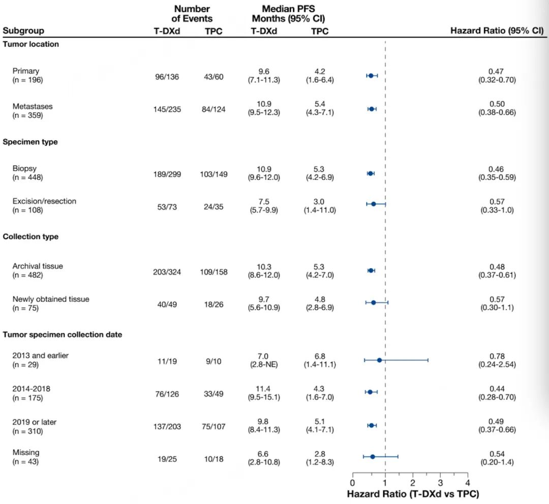 DB04研究中,使用不同样本判读为HER2低表达状态的肿瘤患者,接受T-DXd治疗的疗效获益类似。即原发灶/转移灶、穿刺样本/手术样本、存档样本/新鲜样本、2014-2018/2019(2013年或之前样本,不能很好指导治疗获益)这些不同亚组样本中判读为HER2低表达的肿瘤患者中观察到的T-DXd相比TPC的治疗获益,均与总人群数据一致。
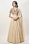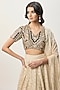 Featuring a beige lehenga in katarwa base. It is paired with a georgette choli having mirror embroidery and a mukaish mul dupatta. Accentuate it with jewellery and heels for a festive occasion or wedding ceremony.
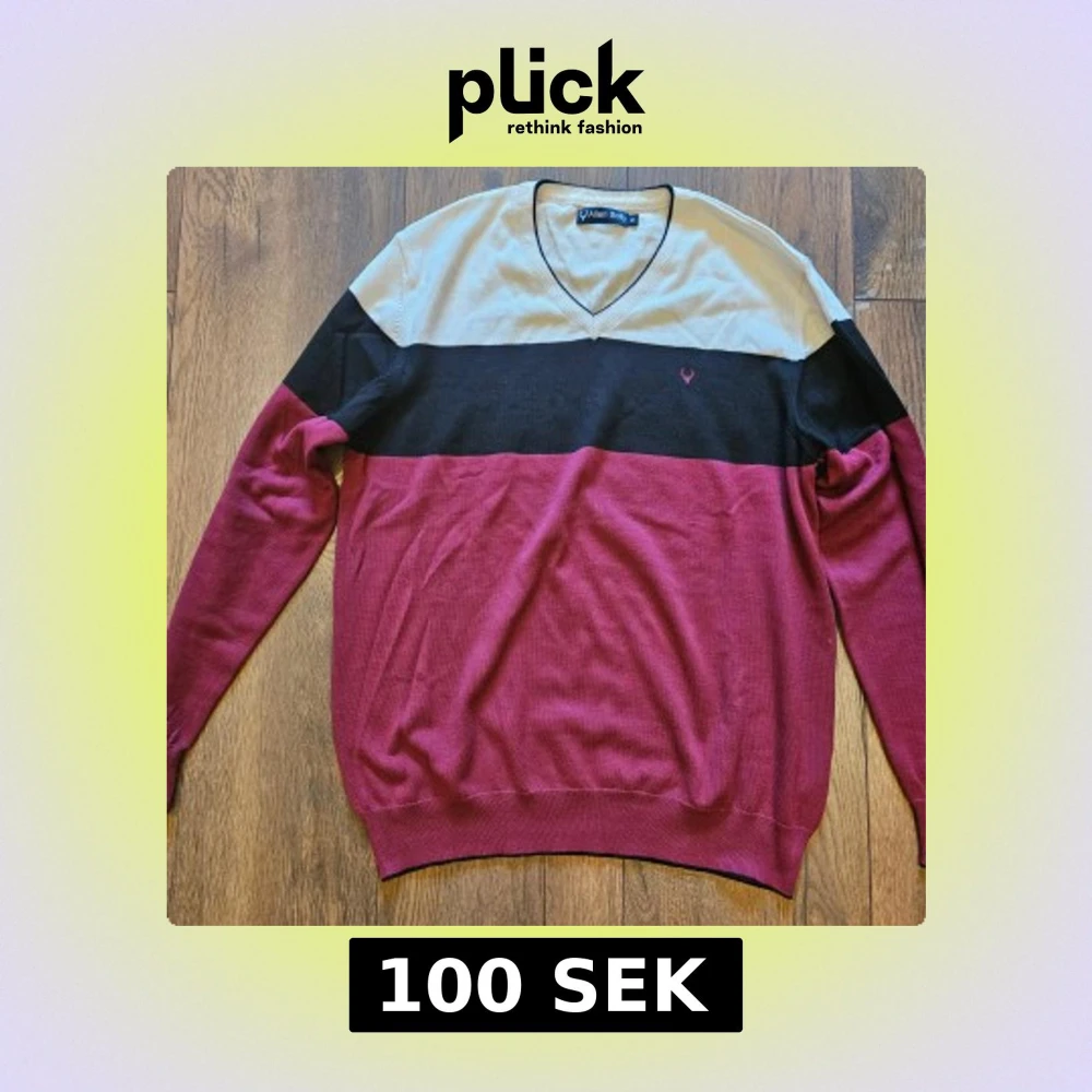 Snygg v-ringad tröja från Allen Solly i storlek XL. Tröjan har breda ränder i beige, svart och vinrött, med en liten broderad logga på bröstet. Långärmad och tillverkad i mjuk bomull, perfekt för dig som gillar stilrena färgkombinationer.

Problem description: Reproduce the data above without a single change, please, but without its pictures.

Solution below:
 DB04研究中,使用不同样本判读为HER2低表达状态的肿瘤患者,接受T-DXd治疗的疗效获益类似。即原发灶/转移灶、穿刺样本/手术样本、存档样本/新鲜样本、2014-2018/2019(2013年或之前样本,不能很好指导治疗获益)这些不同亚组样本中判读为HER2低表达的肿瘤患者中观察到的T-DXd相比TPC的治疗获益,均与总人群数据一致。
 Featuring a beige lehenga in katarwa base. It is paired with a georgette choli having mirror embroidery and a mukaish mul dupatta. Accentuate it with jewellery and heels for a festive occasion or wedding ceremony.
 Snygg v-ringad tröja från Allen Solly i storlek XL. Tröjan har breda ränder i beige, svart och vinrött, med en liten broderad logga på bröstet. Långärmad och tillverkad i mjuk bomull, perfekt för dig som gillar stilrena färgkombinationer.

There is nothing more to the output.